Marca las doce del mediodía.
«¿De qué día?», me pregunto.
«¿Qué hago yo aquí?», trato de recordar.
«¿Habré quedado con alguien? Este regalo es para Flor, puede que haya quedado con ella», pienso.
Mi mente se esfuerza por recuperar el recuerdo mientras mis ojos se quedan clavados en el reloj. Las doce en punto.
Las doce.
Las agujas parecen un poco perezosas. Les cuesta avanzar.
«¿Por qué? ¿Se ha parado el tiempo?», me pregunto.
Un gran reloj, con la esfera blanca. Lo observo embobada.
«Las doce», pienso.
«Y siguen siendo las doce —repito—. En punto».
Mi alma se impacienta, pero no sé por qué.
Capto un leve movimiento con el rabillo del ojo. Dudo por un instante; no quiero apartar los ojos del gigantesco reloj.
Pruebo a mirar levemente a la derecha.
No parece haber nada.
Me vuelvo ciento ochenta grados y no puedo evitar dar un respingo. El reloj me ha acompañado. Sigue justo frente a mí, como si nada lo sostuviera, como en uno de esos planetarios a escala en los que los distintos globos están unidos con una varilla metálica al sol.
¿Soy yo el sol? ¿O lo es el reloj?
Cuando consigo despegar las pupilas de la inmensa esfera, localizo una larga melena castaña y ondulada cubriendo a modo de cortina un cuerpo acuclillado en la acera.
«¿Quién es?», pienso.
No sé muy bien si acercarme o seguir con los ojos clavados en mi reloj. Después de todo, ha decidido acompañarme.
«Las dos en punto. Qué curioso».
Oigo un leve sollozo. Parece salir de la cortina de cabello. Decido acercarme, poco a poco. Es un llanto triste, desconsolado.
Miro por última vez el reloj, como pidiendo permiso para abandonarlo un momento. Siento lástima por quien llora bajo la hermosa melena castaña y ondulada.

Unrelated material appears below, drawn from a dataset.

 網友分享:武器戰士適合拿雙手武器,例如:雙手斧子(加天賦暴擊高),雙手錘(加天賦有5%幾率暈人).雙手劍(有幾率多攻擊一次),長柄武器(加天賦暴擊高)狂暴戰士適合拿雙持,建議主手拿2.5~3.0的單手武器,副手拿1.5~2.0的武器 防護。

Conforme avanzo, intuyo las formas del cuerpo de una mujer. Hombros delicados. Brazos estilizados, en torno a las rodillas, pies descalzos y bien proporcionados.
Los hombros se mueven al son del llanto.
—¿Te ocurre algo?
Parece que me ha oído, porque ha dejado de llorar. Ha dejado de moverse. Uno de sus brazos abandona la presión sobre las rodillas y lleva la mano hacia su rostro. Supongo que para enjugarse las lágrimas que el lloro ha dejado a su paso.

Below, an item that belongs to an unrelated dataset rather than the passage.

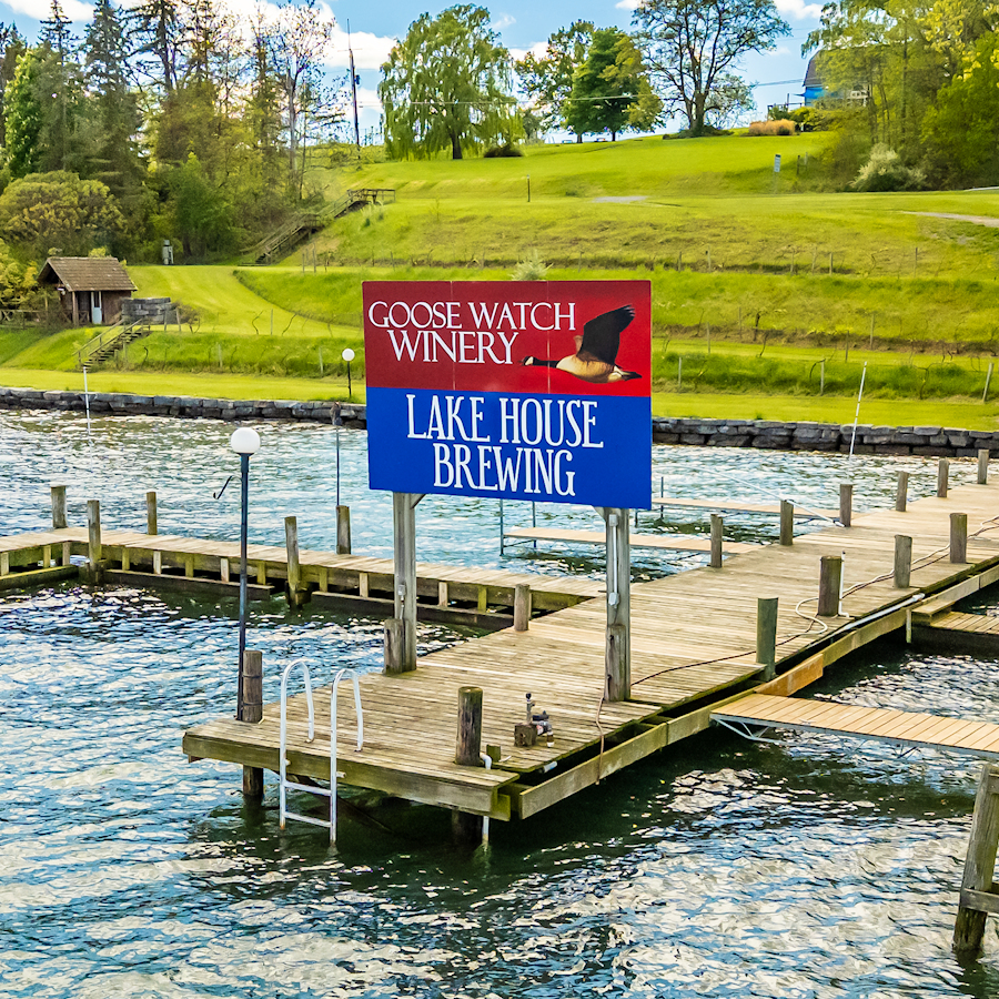 Visit us by car or boat! We are one of the few breweries on Cayuga Lake accessible by water. Dock your boat with us and enjoy the lake cottage-inspired atmosphere of our beautiful location. We are the perfect stop for craft beer and wine lovers alike as we share our property with Goose Watch Winery.

—¿Te ocurre algo? —pregunto de nuevo, inclinando ahora mi mano para tocar su delgada espalda.
Niega con la cabeza y los movimientos balancean su pelo.
Vuelve el llanto, el desconsuelo. Y yo no sé qué puedo hacer.
Tengo la sensación de que todo eso está ocurriendo por algo. Sin embargo, no logro recordarlo. No es Flor con quien he quedado. «Entonces ¿con quién? ¿Con esta chica? —pienso—. Si ni siquiera sé quien es».
Me inclino hacia ella para tratar de darle consuelo. Un leve vistazo al reloj.
«Las doce. Las doce en punto».
—No llores, seguro que tiene solución —le digo, y extiendo la mano, la apoyo sobre su hombro, huesudo, delicado—. ¿Sabes? Tengo una amiga llamada Flor que siempre anda diciendo que lo único en esta vida sin arreglo es la muerte. Todo lo demás se puede superar.
De nuevo cesa el llanto. Contrae el cuerpo, aprieta con más intensidad los brazos a las rodillas, para acabar relajándose del todo. Respira hondo y levanta la cabeza para mirarme fijamente. Yo me encuentro agachada frente a ella.
—Duermes —me dice mientras aparta el cabello de su rostro contoneando el cuello.
«Pero qué bonita es», pienso. Su cara no parece de este mundo. Sus facciones… Sus ojos color verde agua… Tiene un aspecto sobrenatural.
«Pero espera… ¿Por qué me dice eso?»
—¿Duermo? —le pregunto—. ¿Qué significa que duermo?
Dos lágrimas resbalan por sus mejillas. Una se aloja en la comisura de sus jugosos labios.
—Duermes…
Espera.
Esos labios.
Esos ojos.
Esa aura sobrenatural.
—Ya sé quién eres. Eres…
Me interrumpe:
—Y si duermes… yo moriré.
Maria se esfuma ante mis ojos. Desaparece sin dejar huella.
«¿Morirá?», pienso angustiada.
«¿Estoy durmiendo?», me pregunto mientras busco con desesperación a Maria. Las calles vuelven a estar abarrotadas. El bullicio me ahoga.
Me acuerdo del reloj. Busco refugiarme en su quietud. Pero ya no son las doce. Ahora las agujas barren la esfera blanca a toda velocidad. Los segundos se convierten en minutos en un instante. Las horas surgen de los minutos en lo que mis ojos tardan en parpadear.
«Duermo».
«¿Por qué duermo?»
«¿Por qué no puedo despertar?»
«¿Por qué el reloj me castiga comiéndose mi tiempo?»
«¡Necesito despertar! Si no lo hago… morirá».